Work request:
The pictures get left out, but everything else in the listing below must be duplicated exactly.

─── Data records

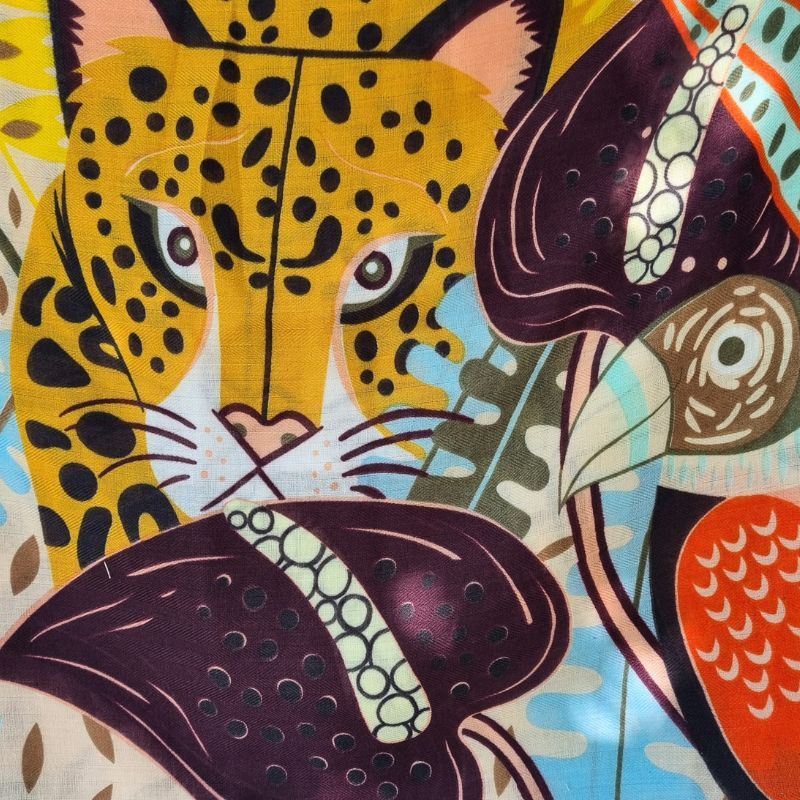 Étole Carrée Panthère et toucan – Création Palme Paris
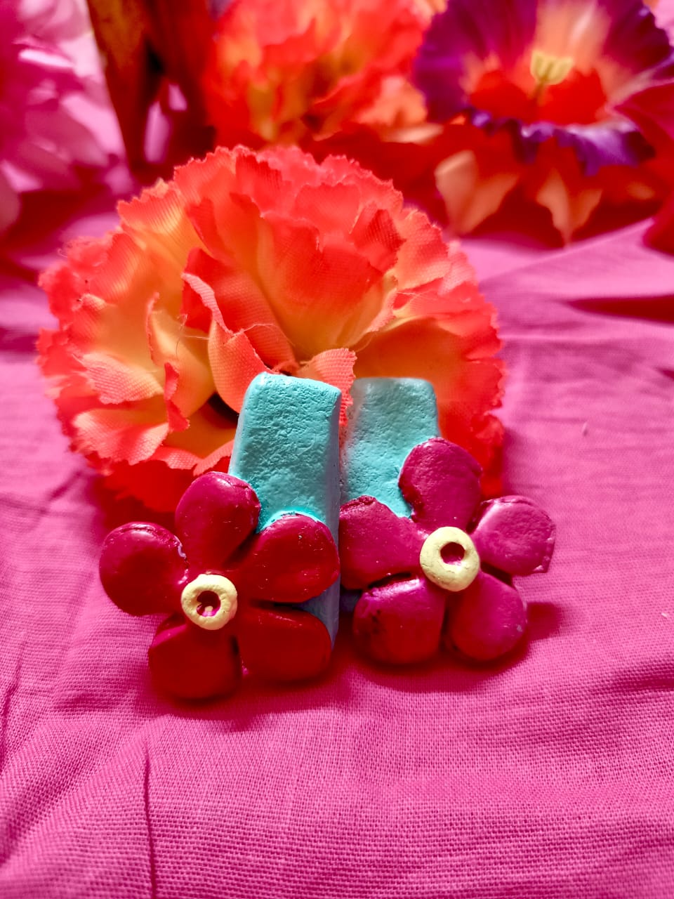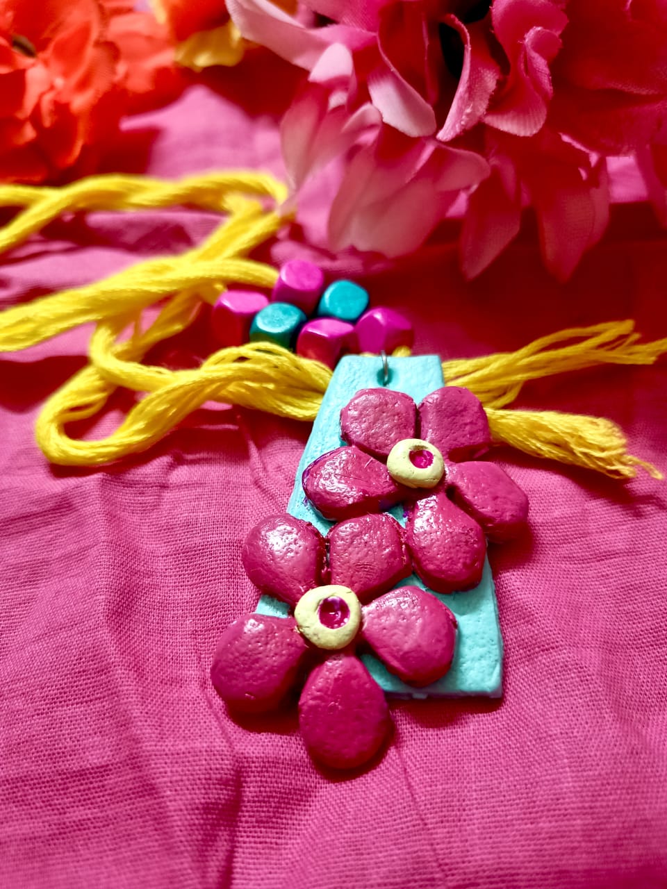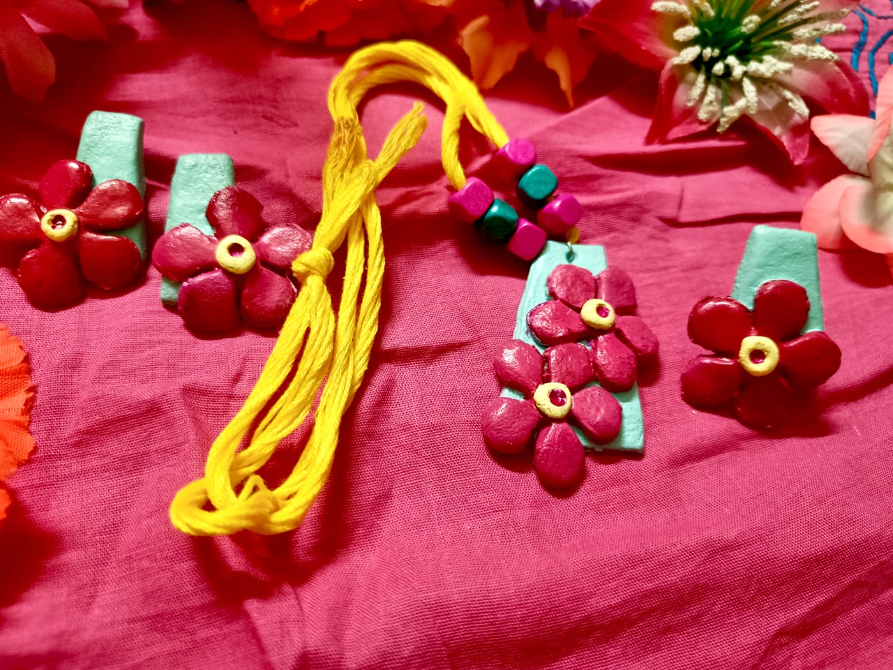 There’s a necklace with a yellow cord, pink and green beads, and a mint-green pendant with a pink flower on it. And there are matching earrings – mint-green with red flowers.
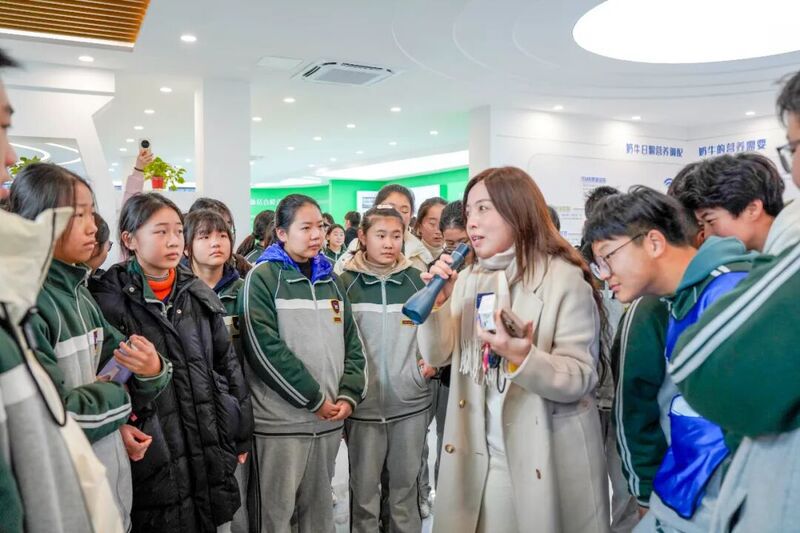 “原來奶牛是這樣擠奶的!太神奇了……”在可視化擠奶廳里,師生們的驚嘆聲此起彼伏。兩座全自動(dòng)轉(zhuǎn)盤式利拉伐擠奶機(jī)正在運(yùn)轉(zhuǎn),一頭頭黑白花奶牛有序走上轉(zhuǎn)盤,擠奶員則熟練地進(jìn)行著前藥浴、驗(yàn)?zāi)獭⑻妆?、后藥浴等?biāo)準(zhǔn)化操作,整個(gè)流程清晰直觀地呈現(xiàn)在眾人眼前?!袄蠋?,這些奶牛每天能產(chǎn)多少奶呀?”一名戴眼鏡的男生舉手提問。講解員小張笑著解答:“一頭牛最高可以產(chǎn)70公斤牛奶,產(chǎn)出的牛奶都要經(jīng)過100多項(xiàng)指標(biāo)檢測(cè),達(dá)標(biāo)合格后才能走向市場(chǎng)。”在智慧化生態(tài)展廳,師生們既能通過圖文展板系統(tǒng)學(xué)習(xí)奶牛品種特性、科學(xué)飼養(yǎng)方法及飼料配方等基礎(chǔ)知識(shí),又能通過蘇墾乳業(yè)數(shù)字牧場(chǎng)展示平臺(tái)實(shí)時(shí)查看每頭奶牛的身份檔案、生長(zhǎng)曲線、產(chǎn)奶數(shù)據(jù)及健康監(jiān)測(cè)指標(biāo),沉浸式感受科技為傳統(tǒng)養(yǎng)殖業(yè)帶來的變革。“這次研學(xué)真是讓我親眼看到了科技養(yǎng)牛的力量,原來一杯好牛奶的誕生背后,藏著這么多學(xué)問!”一位帶隊(duì)老師感慨道。
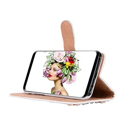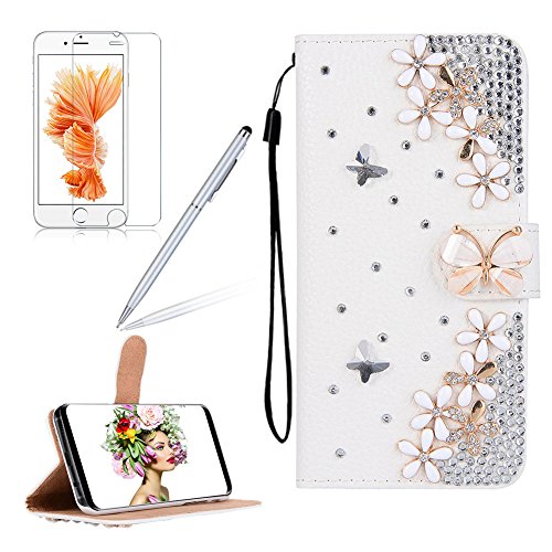 Custodia per iPhone 6S Plus / 6 Plus DIY Brillantini Portafoglio - Girlyard 3D Bling Glitter Crystal Strass Diamante Cover in Pelle Colorata Fiore Farfalla Disegno Libro Antiurto Supporto Wallet Chiusura Magnetica PU Morbido Copertura Case per iPhone 6 Plus / iPhone 6S Plus 5.5" - Bianca Farfalla e fiore
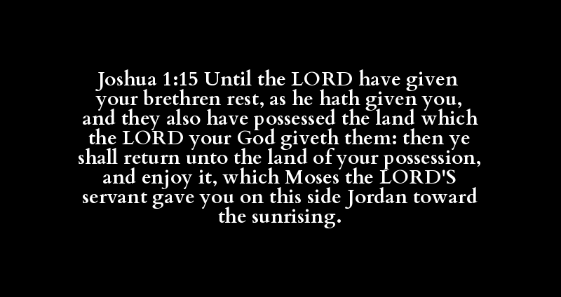 Joshua 1:15 Until the LORD have given your brethren rest, as he hath given you, and they also have possessed the land which the LORD your God giveth them: then ye shall return unto the land of your possession, and enjoy it, which Moses the LORD'S servant gave you on this side Jordan toward the sunrising.
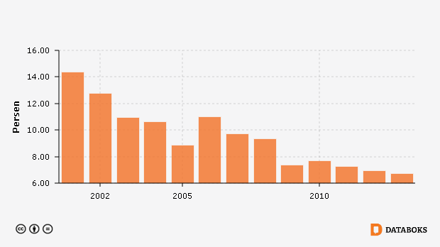 Persentase Kemiskinan di Kabupaten Hulu Sungai Selatan, Kalimantan Selatan 1999 - 2013
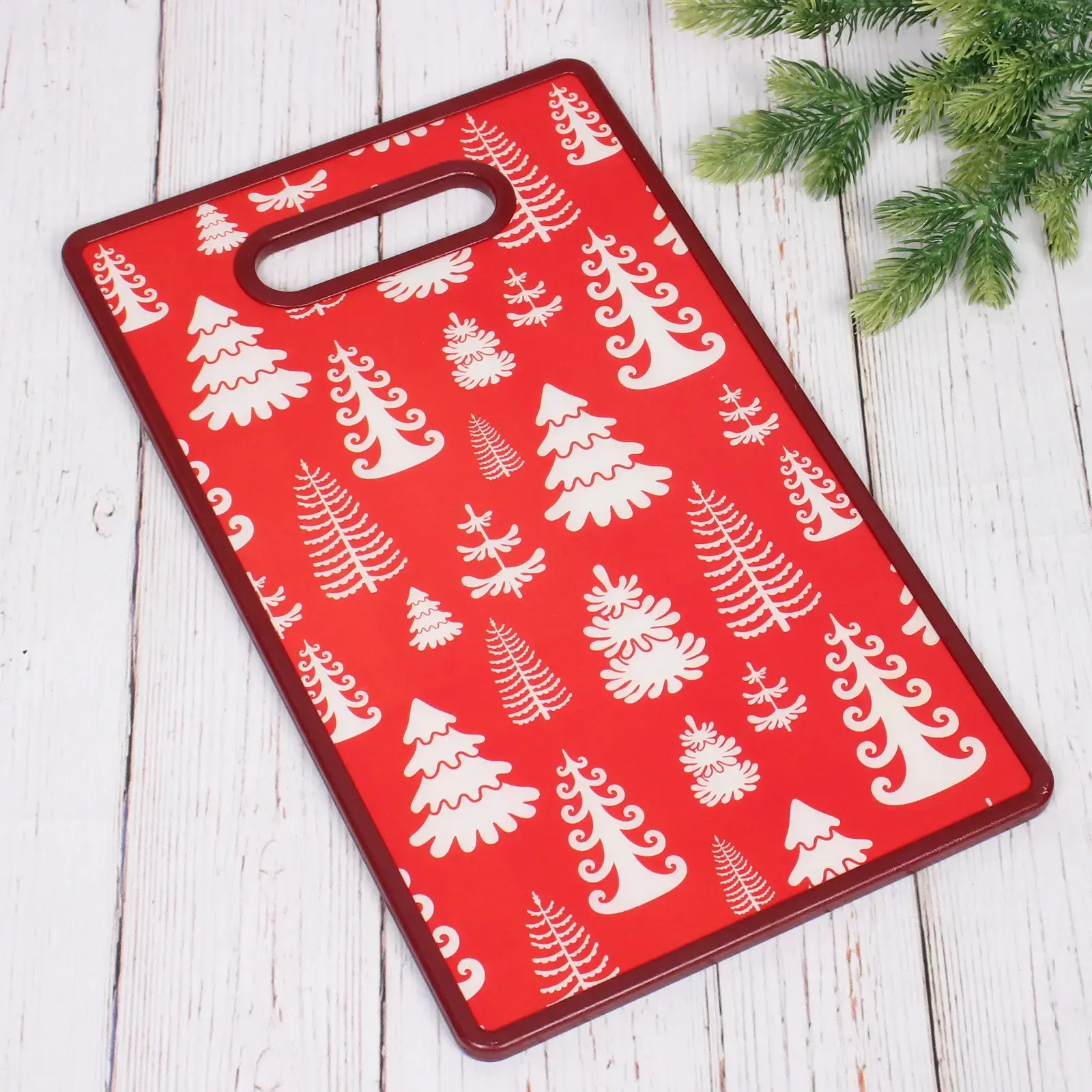 Пластиковая разделочная доска с новогодним дизайном «Ёлочки» станет вашим надежным помощником на кухне. Её размеры 37*23 см идеально подходят как для нарезки продуктов, так и для использования в качестве подставки под терки и слайсеры.

──────

Solution for this task:
 Étole Carrée Panthère et toucan – Création Palme Paris
 There’s a necklace with a yellow cord, pink and green beads, and a mint-green pendant with a pink flower on it. And there are matching earrings – mint-green with red flowers.
 “原來奶牛是這樣擠奶的!太神奇了……”在可視化擠奶廳里,師生們的驚嘆聲此起彼伏。兩座全自動(dòng)轉(zhuǎn)盤式利拉伐擠奶機(jī)正在運(yùn)轉(zhuǎn),一頭頭黑白花奶牛有序走上轉(zhuǎn)盤,擠奶員則熟練地進(jìn)行著前藥浴、驗(yàn)?zāi)獭⑻妆?、后藥浴等?biāo)準(zhǔn)化操作,整個(gè)流程清晰直觀地呈現(xiàn)在眾人眼前?!袄蠋?,這些奶牛每天能產(chǎn)多少奶呀?”一名戴眼鏡的男生舉手提問。講解員小張笑著解答:“一頭牛最高可以產(chǎn)70公斤牛奶,產(chǎn)出的牛奶都要經(jīng)過100多項(xiàng)指標(biāo)檢測(cè),達(dá)標(biāo)合格后才能走向市場(chǎng)。”在智慧化生態(tài)展廳,師生們既能通過圖文展板系統(tǒng)學(xué)習(xí)奶牛品種特性、科學(xué)飼養(yǎng)方法及飼料配方等基礎(chǔ)知識(shí),又能通過蘇墾乳業(yè)數(shù)字牧場(chǎng)展示平臺(tái)實(shí)時(shí)查看每頭奶牛的身份檔案、生長(zhǎng)曲線、產(chǎn)奶數(shù)據(jù)及健康監(jiān)測(cè)指標(biāo),沉浸式感受科技為傳統(tǒng)養(yǎng)殖業(yè)帶來的變革。“這次研學(xué)真是讓我親眼看到了科技養(yǎng)牛的力量,原來一杯好牛奶的誕生背后,藏著這么多學(xué)問!”一位帶隊(duì)老師感慨道。
 Custodia per iPhone 6S Plus / 6 Plus DIY Brillantini Portafoglio - Girlyard 3D Bling Glitter Crystal Strass Diamante Cover in Pelle Colorata Fiore Farfalla Disegno Libro Antiurto Supporto Wallet Chiusura Magnetica PU Morbido Copertura Case per iPhone 6 Plus / iPhone 6S Plus 5.5" - Bianca Farfalla e fiore
 Joshua 1:15 Until the LORD have given your brethren rest, as he hath given you, and they also have possessed the land which the LORD your God giveth them: then ye shall return unto the land of your possession, and enjoy it, which Moses the LORD'S servant gave you on this side Jordan toward the sunrising.
 Persentase Kemiskinan di Kabupaten Hulu Sungai Selatan, Kalimantan Selatan 1999 - 2013
 Пластиковая разделочная доска с новогодним дизайном «Ёлочки» станет вашим надежным помощником на кухне. Её размеры 37*23 см идеально подходят как для нарезки продуктов, так и для использования в качестве подставки под терки и слайсеры.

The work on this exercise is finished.